[Supplied records — start]

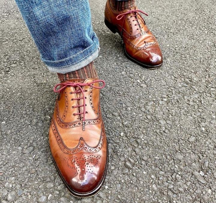 Hand Stitch Two Tone Wingtip Shoes, Men's Leather Brogue Lace Up Dress Wear Shoes
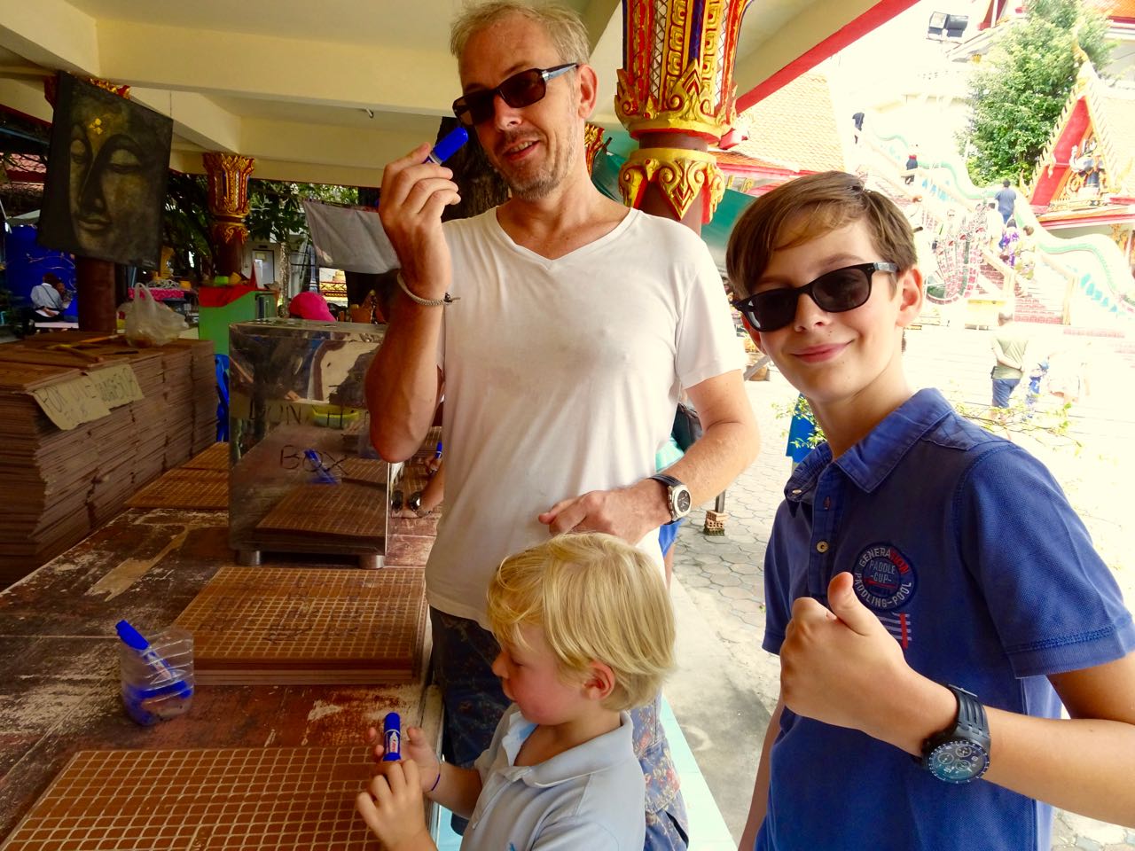 Avant de quitter cet endroit, nous voulons partager avec les enfants deux traditions qui nous tiennent à coeur. Faire un don d’abord. Le temple nécessite beaucoup de travaux. Nous n’avons d’ailleurs malheureusement pas pu faire sonner les cloches pour cause de rénovation.
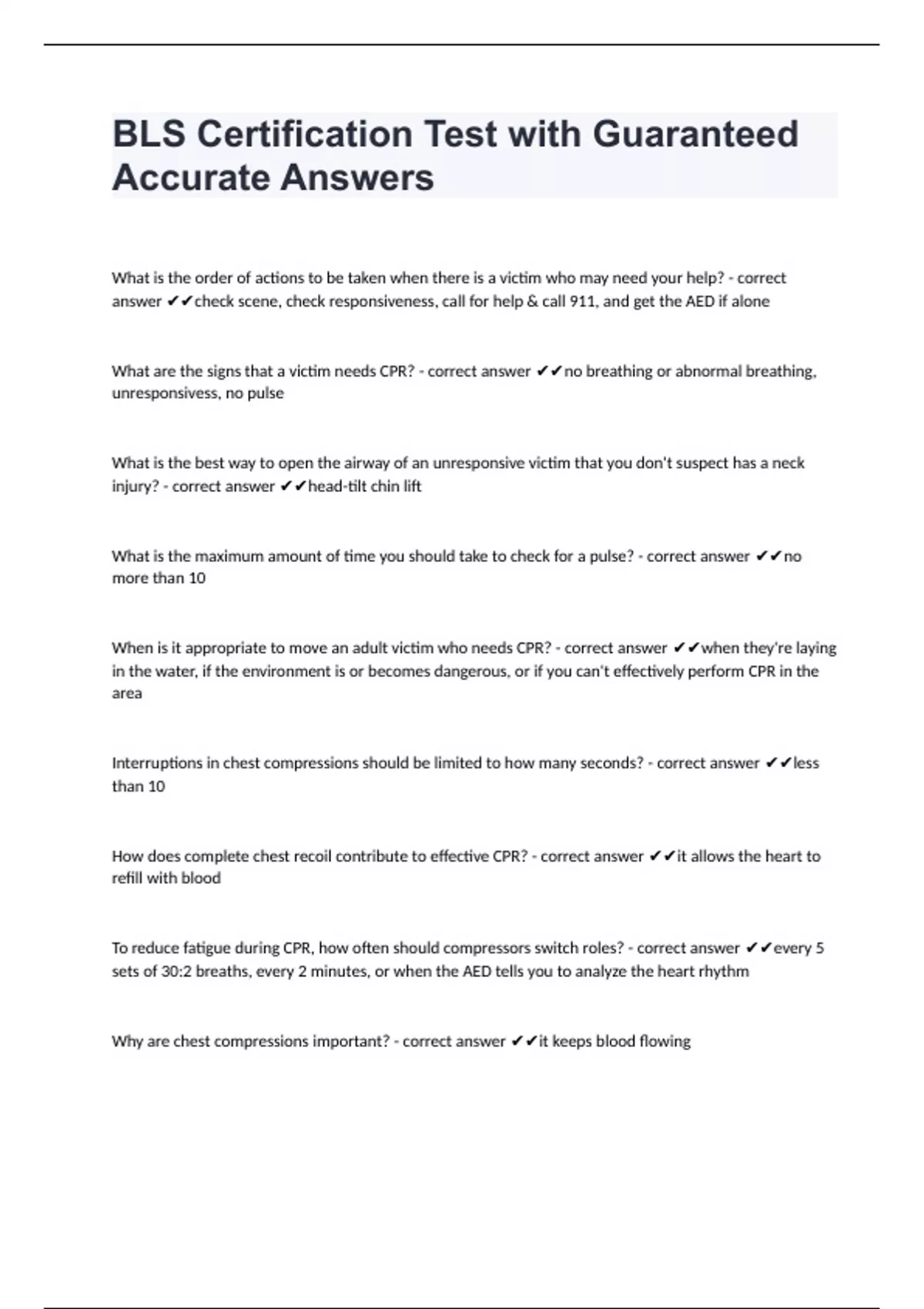 What is the order of actions to be taken when there is a victim who may need your help? - correct answer check scene, check responsiveness, call for help & call 911, and get the AED if alone What are the signs that a victim needs CPR? - correct answer no breathing or abnormal breathing, unresponsivess, no pulse What is the best way to open the airway of an unresponsive victim that you don't suspect has a neck injury? - correct answer head-tilt chin lift What is the maximum amount of time you should take to check for a pulse? - correct answer no more than 10 When is it appropriate to move an adult victim who needs CPR? - correct answer when they're laying in the water, if the environment is or becomes dangerous, or if you can't effectively perform CPR in the area Interruptions in chest compressions should be limited to how many seconds? - correct answer less than 10 How does complete chest recoil contribute to effective CPR? - correct answer it allows the heart to refill with
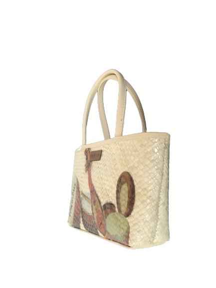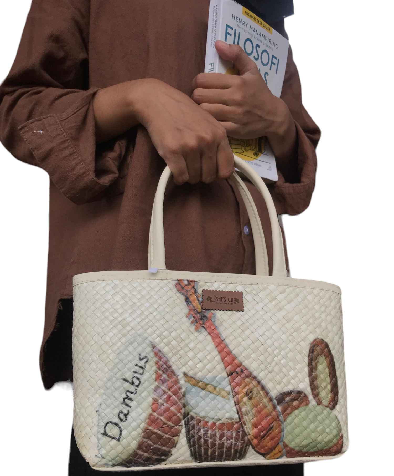 Pouch Kotak Handle Anyaman Pandan Decoupage Motif Dambus
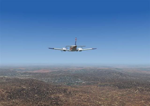 Anyway, now I wasn't on multiplayer anymore, ATC and other AI traffic had returned, and I tuned into the tower to request take off clearance, and was sent to Runway 15 again. I took off and turned back on myself, heading in land along the river at the end of Runway 15, (See screenshot 6: http://i20.photobucket.com/albums/b235/ ... point6.jpg ) then banked to a heading of 232 following a route through the mountains (See screenshot 7: http://i20.photobucket.com/albums/b235/ ... point7.jpg ) that bordered the western suburbs of the city (See screenshot 8: http://i20.photobucket.com/albums/b235/ ... point8.jpg and 9: http://i20.photobucket.com/albums/b235/ ... point9.jpg )The mesh took my breath away, it was so superbly built, and beats the default terrain of the Himalayas by far, which before today, I used think couldn't get any better. I really, really recommend you all to download Andy Weirs mesh off avsim and take a flight around the Cairns countryside- nothing else compares to it, I promise you!
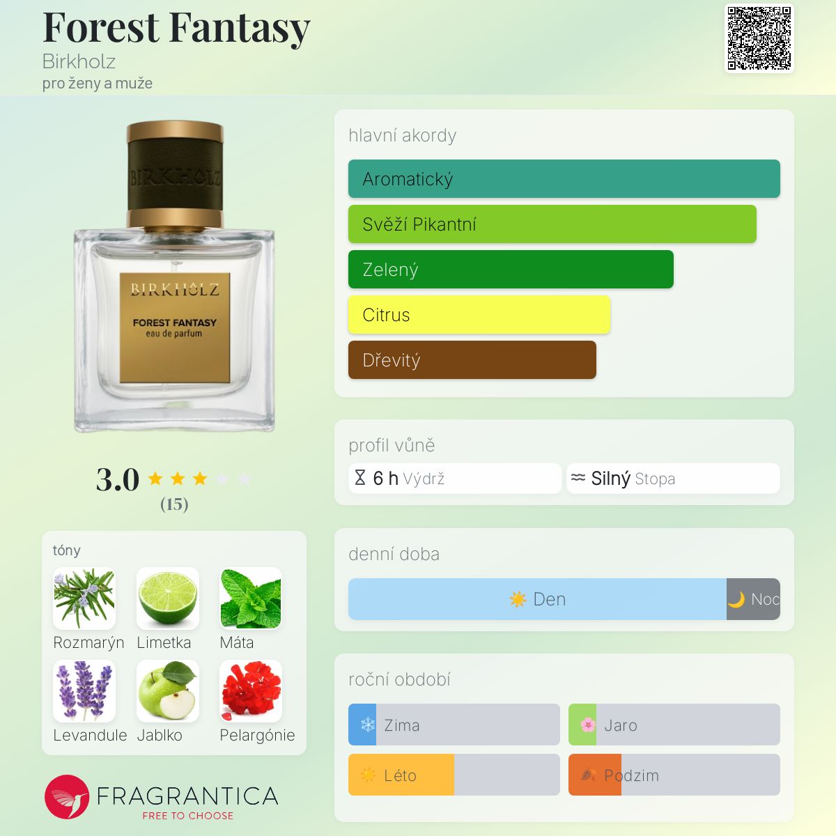 Forest Fantasy podle Birkholz je Woody Spicy vůně pro ženy a muže. Forest Fantasy byl/a uveden/a v roce 2017. Vrchní tóny jsou Rozmarýn, Limetka a Anýz; střední tóny jsouLevandule, Jablko, Pelargónie a Guajakové dřevo ; základní tóny jsou Máta, Limetka, Růžový pepř a Bergamot.
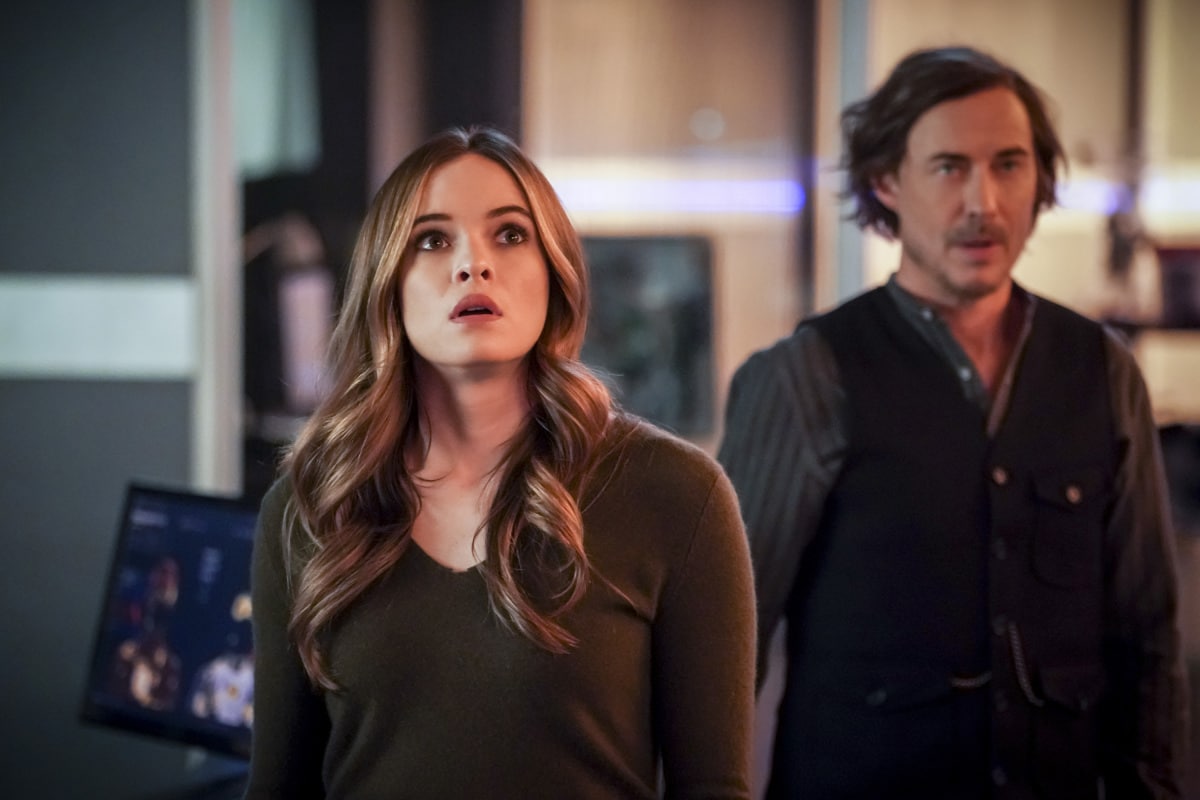 - The Flash — "King Shark vs. Gorilla Grodd" — Image Number: FLA515b_0202b.jpg — Pictured (L-R): Danielle Panabaker as Caitlin Snow and Tom Cavanagh as Sherloque Wells — Photo: Shane Harvey/The CW — é 2019 The CW Network, LLC. All rights reserved
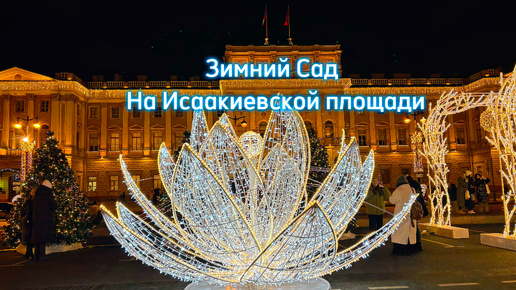 Зимний Сад на Исаакиевской площади в Петербурге. Нарядные елки, деревья из гирлянд, световой фонтан, арки - новогодняя сказка на Синем мосту
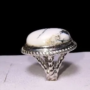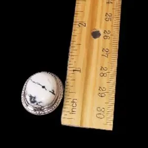 A very pretty, eye-catching ring with a beautiful White Buffalo cabochon as the focal point. Brand new and ready to wear.
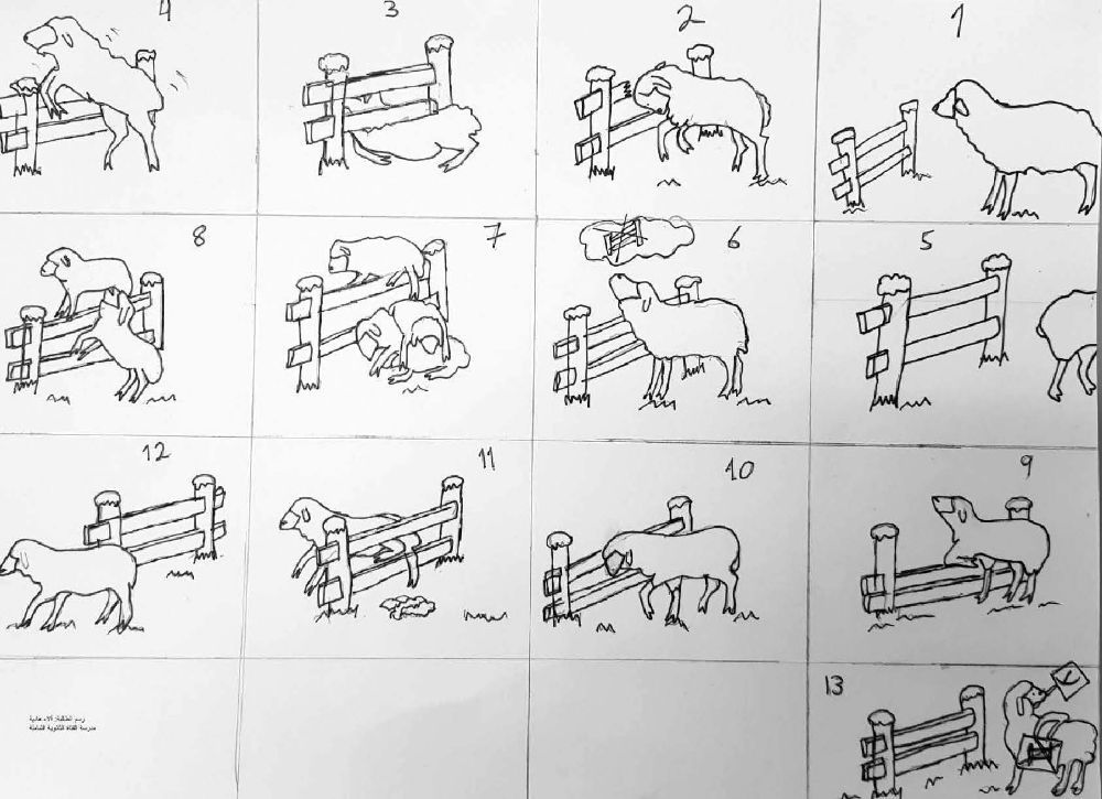 عندما يصل المراعي الكبيرة يقوم ببناء سياج يحيط بالخراف؛ لكي لا تهرب ليلا، ولكي يمنع الحيوانات الضّارية من الوصول إليها. حلم تلك الليلة أنّ ذئباً يهجم على خرافه فتهرب الخراف من الذئب وتعبر السياج الذي بناه حولها. لاحظ في منامه ظاهرة مثيرة وهي أن كلّ خروف كان يعبر السياج بطريقته الخاصة. أنظر الصورة.
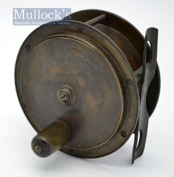 A Carter & Co Ltd London Hercules style brass salmon reel: 4”dia, smooth waisted and perforated brass foot, fat horn handle – plate wind sticks slightly
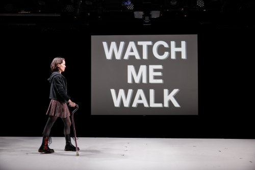 Anne Gridley begins Watch Me Walk by taking its title at punishingly literal face value. She introduces herself, grips her walking stick—never a cane, a semantic correction that quickly reveals its philosophical weight—and proceeds to walk the length of the stage again and again, in near silence, for so long that the initial charge of provocation slowly discharges. What remains is not suspense but facticity. In another theatrical ecosystem, this might register as endurance art or a sly conceptual prank; here, in a Soho Rep production presented in association with the recently concluded 2026 Under the Radar Festival, it operates as a recalibration of spectatorship itself. We arrive alert, waiting for the performance to “start,” only to discover that it already has—and that the only thing lagging behind is our attention.
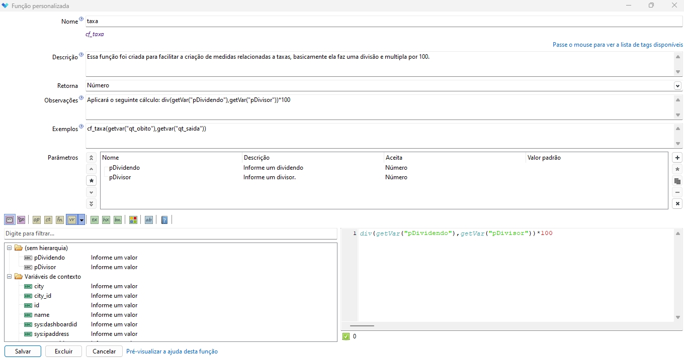 Um exemplo poderia criar uma função chamada, por exemplo, Taxa que aceitaria 2 parâmetros Dividendo e Divisor com a fórmula:
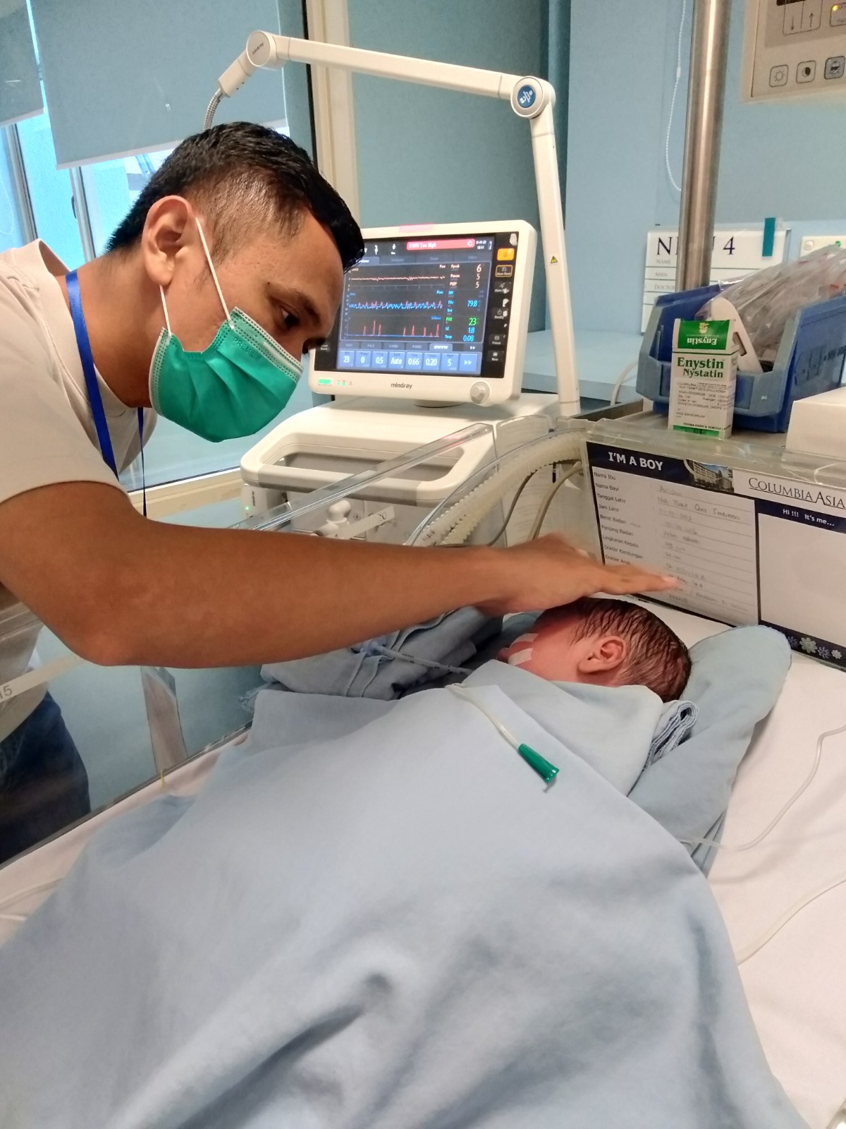 Seminggu setelah lahir, Nuh Tsabit Qies Sinulingga (2 thn) mendadak sering memejamkan matanya dan menolak minum susu. Aku terus berusaha meminumkannya karena berat badannya turun drastis, tapi justru membuatnya tersedak.

[Supplied records — finish]

» **Assignment**
What you output must match the data exactly, apart from the pictures, which are left out.

» **Result**
 Hand Stitch Two Tone Wingtip Shoes, Men's Leather Brogue Lace Up Dress Wear Shoes
 Avant de quitter cet endroit, nous voulons partager avec les enfants deux traditions qui nous tiennent à coeur. Faire un don d’abord. Le temple nécessite beaucoup de travaux. Nous n’avons d’ailleurs malheureusement pas pu faire sonner les cloches pour cause de rénovation.
 What is the order of actions to be taken when there is a victim who may need your help? - correct answer check scene, check responsiveness, call for help & call 911, and get the AED if alone What are the signs that a victim needs CPR? - correct answer no breathing or abnormal breathing, unresponsivess, no pulse What is the best way to open the airway of an unresponsive victim that you don't suspect has a neck injury? - correct answer head-tilt chin lift What is the maximum amount of time you should take to check for a pulse? - correct answer no more than 10 When is it appropriate to move an adult victim who needs CPR? - correct answer when they're laying in the water, if the environment is or becomes dangerous, or if you can't effectively perform CPR in the area Interruptions in chest compressions should be limited to how many seconds? - correct answer less than 10 How does complete chest recoil contribute to effective CPR? - correct answer it allows the heart to refill with
 Pouch Kotak Handle Anyaman Pandan Decoupage Motif Dambus
 Anyway, now I wasn't on multiplayer anymore, ATC and other AI traffic had returned, and I tuned into the tower to request take off clearance, and was sent to Runway 15 again. I took off and turned back on myself, heading in land along the river at the end of Runway 15, (See screenshot 6: http://i20.photobucket.com/albums/b235/ ... point6.jpg ) then banked to a heading of 232 following a route through the mountains (See screenshot 7: http://i20.photobucket.com/albums/b235/ ... point7.jpg ) that bordered the western suburbs of the city (See screenshot 8: http://i20.photobucket.com/albums/b235/ ... point8.jpg and 9: http://i20.photobucket.com/albums/b235/ ... point9.jpg )The mesh took my breath away, it was so superbly built, and beats the default terrain of the Himalayas by far, which before today, I used think couldn't get any better. I really, really recommend you all to download Andy Weirs mesh off avsim and take a flight around the Cairns countryside- nothing else compares to it, I promise you!
 Forest Fantasy podle Birkholz je Woody Spicy vůně pro ženy a muže. Forest Fantasy byl/a uveden/a v roce 2017. Vrchní tóny jsou Rozmarýn, Limetka a Anýz; střední tóny jsouLevandule, Jablko, Pelargónie a Guajakové dřevo ; základní tóny jsou Máta, Limetka, Růžový pepř a Bergamot.
 - The Flash — "King Shark vs. Gorilla Grodd" — Image Number: FLA515b_0202b.jpg — Pictured (L-R): Danielle Panabaker as Caitlin Snow and Tom Cavanagh as Sherloque Wells — Photo: Shane Harvey/The CW — é 2019 The CW Network, LLC. All rights reserved
 Зимний Сад на Исаакиевской площади в Петербурге. Нарядные елки, деревья из гирлянд, световой фонтан, арки - новогодняя сказка на Синем мосту
 A very pretty, eye-catching ring with a beautiful White Buffalo cabochon as the focal point. Brand new and ready to wear.
 عندما يصل المراعي الكبيرة يقوم ببناء سياج يحيط بالخراف؛ لكي لا تهرب ليلا، ولكي يمنع الحيوانات الضّارية من الوصول إليها. حلم تلك الليلة أنّ ذئباً يهجم على خرافه فتهرب الخراف من الذئب وتعبر السياج الذي بناه حولها. لاحظ في منامه ظاهرة مثيرة وهي أن كلّ خروف كان يعبر السياج بطريقته الخاصة. أنظر الصورة.
 A Carter & Co Ltd London Hercules style brass salmon reel: 4”dia, smooth waisted and perforated brass foot, fat horn handle – plate wind sticks slightly
 Anne Gridley begins Watch Me Walk by taking its title at punishingly literal face value. She introduces herself, grips her walking stick—never a cane, a semantic correction that quickly reveals its philosophical weight—and proceeds to walk the length of the stage again and again, in near silence, for so long that the initial charge of provocation slowly discharges. What remains is not suspense but facticity. In another theatrical ecosystem, this might register as endurance art or a sly conceptual prank; here, in a Soho Rep production presented in association with the recently concluded 2026 Under the Radar Festival, it operates as a recalibration of spectatorship itself. We arrive alert, waiting for the performance to “start,” only to discover that it already has—and that the only thing lagging behind is our attention.
 Um exemplo poderia criar uma função chamada, por exemplo, Taxa que aceitaria 2 parâmetros Dividendo e Divisor com a fórmula:
 Seminggu setelah lahir, Nuh Tsabit Qies Sinulingga (2 thn) mendadak sering memejamkan matanya dan menolak minum susu. Aku terus berusaha meminumkannya karena berat badannya turun drastis, tapi justru membuatnya tersedak.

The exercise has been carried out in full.